Tim Draper’s idea. It will be an initiative on the ballot in November. Then Congress would have to approve it, of course, and admit six new states (each with two Senators) to the Union.
The proposed map makes no sense to me: To begin with, if we’re going to go down this road, then every metropolitan area should be one state; but this map divides the San Francisco metro area between Silicon Valley and North California. And what sense does it make to put LA and San Diego in different states?!
But, those are details. Draper’s point is that CA as one state is just too big to govern. Is he right? And how would subdividing it improve matters anyway?
Stan Delaplane suggested dividing California into 50 states. Vertically. Somehow, that one always worked for me.
As much as I love my home state, warts and all, it really is too big, and contains too many divergent zones and populations, to vote and manage as one entity. But this proposition stinks, like all blatantly self-serving R plans.
A North/South split at the county lines just north of Bakersfield makes enormous sense on every level.
This proposal would of course never pass Congress.
But nothing is stopping California from redividing into 6 super counties, with the overwhelming mass of legislation/spending transferred to these super-counties.
I had been trying to read up on this but there is so much counter-information, possibly due to different splits, that I am not sure how the state could be split and adequately represent their constituents.
Are there clear lines between rural/suburban in California?
I am not sure if there are clear lines between pure rural and suburban areas in California…
Would achieve nothing except further gridlock, since there is no level of ‘check and balance’ that would make these super-counties work together harmoniously.

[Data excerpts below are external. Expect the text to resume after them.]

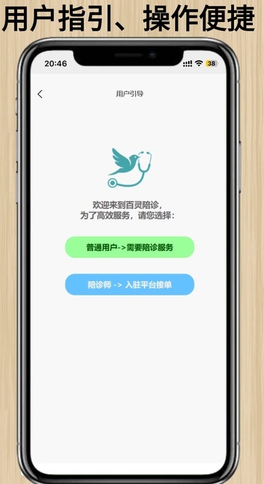 百灵陪诊是一款专业的医院陪诊服务软件。软件内陪诊人员都经过严格实名认证,并且持证上岗。软件内支持选择普通用户和陪诊师两种模式,有用户指引,操作简单又快捷。软件会进行全流程陪诊监管,可靠有保障。更有就医规划让用户省心又省力!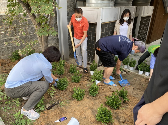경기 수원시 시민들이 ‘용담 안점순 기억의 방’ 주변에 고 안점순 할머니를 기리며 용담(龍膽) 화단을 조성했다. 용담은 일본군 위안부 피해자인 안 할머니(1928~2018년)가 생전에 좋아했던 꽃이다. 사진은 9일 용담 안점순 기억의 방 주변 화단에 용담을 심고 있는 모습. (사진제공=수원시청)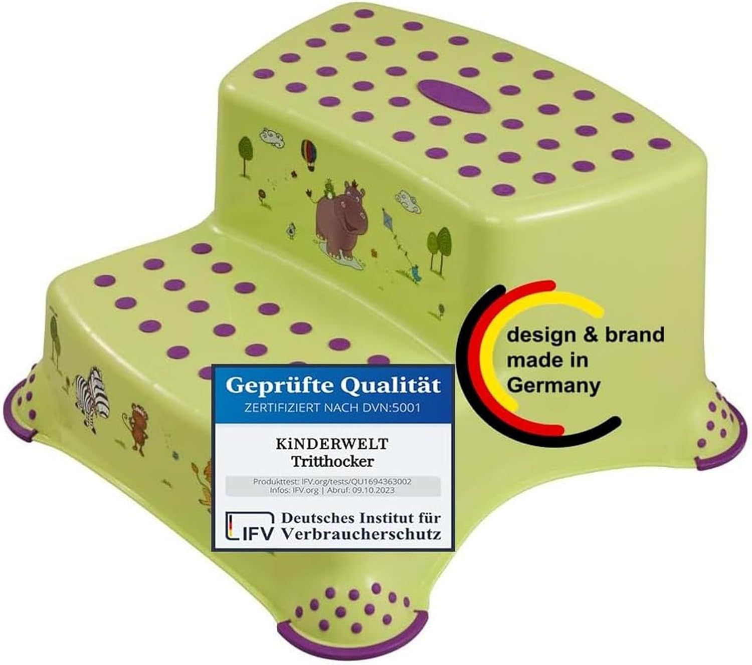 | Name | KiNDERWELT Tritthocker Premium zweistufiger Tritthocker Hippo grün stabiler Hocker |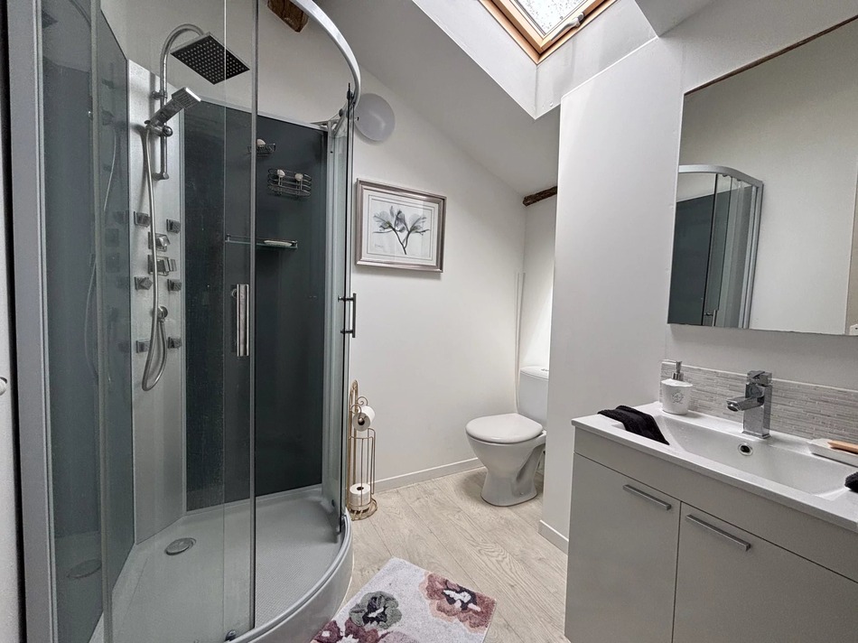 On the ground floor, the property features an entrance hall, one bedroom, a living room with a wood burner and a kitchen/dining room that provides access to a courtyard. Additionally, there is a shower room with a WC and a garage that includes a laundry room and an old toilet.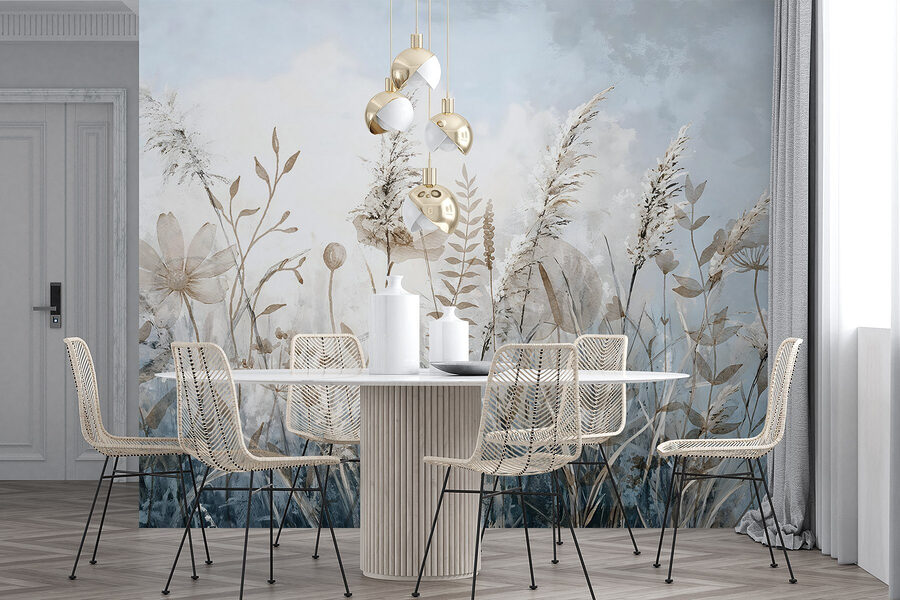 S touto očarujúcou nástennou maľbou kvetov a rastlín premeníte každú miestnosť na pokojné útočisko. Vnesie do interiéru jemný dotyk prírody, vďaka ktorému sa aj tie najšedivejšie dni budú cítiť o niečo jasnejšie. Predstavte si, že popíjate rannú kávu obklopení jemnými tónmi a rozmarnými tvarmi – hovoríme o zlepšení nálady! Jemné detaily vás vyzývajú, aby ste sa zastavili a ocenili krásu vonkajšieho prostredia. Táto nástenná maľba je ideálna na steny, ktoré potrebujú trochu lásky, a môže rozprúdiť rozhovory alebo sa jednoducho stať vaším útulným pozadím. Kto by povedal, že objatie prírody môže byť také ľahké?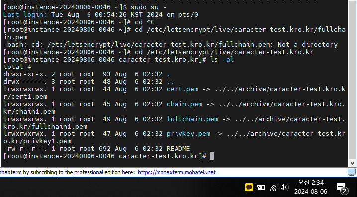3. 생성된 인증서를 확인한다. (인증서가 생성되는 경로는 root 권한으로 접근 가능하기 때문에 sudo su - 명령을 통해 root 권한으로 접속 후 해당 디렉터리로 이동할 수 있다.)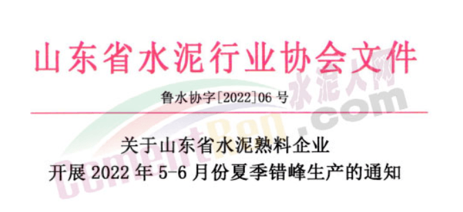 山東發(fā)布夏季錯(cuò)峰生產(chǎn)的通知,要求山東省水泥熟料企業(yè)的熟料生產(chǎn)線從5月21日0:00-6月9日24:00錯(cuò)峰停產(chǎn)20天。

It would be like a pre-federal statehood battle: enough power and control to be an ass, without enough co-commitment and responsibility to find compromises.
But a single North/South split is long overdue. It doesn’t solve every single factional or population issue, but it pretty neatly divides the two major regions of population, land use, industry, political bent and - oh yeah - water.
No, Article IV expressly allows this sort of nonsense:
Setting aside Tim Draper’s desire to keep all of the riches of Silicon Valley for ourselves, the problem with California isn’t that it’s one state, it’s the initiative process (the whole six states thing being a perfect example).
Subdividing the state would not solve anything; eliminating the initiative process (something I’ve been advocating since I worked for the California legislature 30 years ago) might actually help.
I’ll be voting against it. I wouldn’t go for more than two states, with Monterey and North parts being Alta California and everything South to Baja being Southern California. I get the guy wants a more conservative US senate, but I can’t see the US senators diluting their power this much.
A few thoughts / responses:
LA is a very different place from Orange County and San Diego. It makes sense to separate them.
California has very different needs, interests, etc. The ability to influence Sacramento from any given county is difficult at best.
Draper really just wants Silicon Valley to be able to get more competitive with other states, especially with taxes. He wants to foster more competition among the California states as well.
California is also under-represented in the Senate for our population
Republicans in California are not represented at all at the State level due to the #s. This is their own fault due to the idiots that they have put up over time, plus changing demographics though.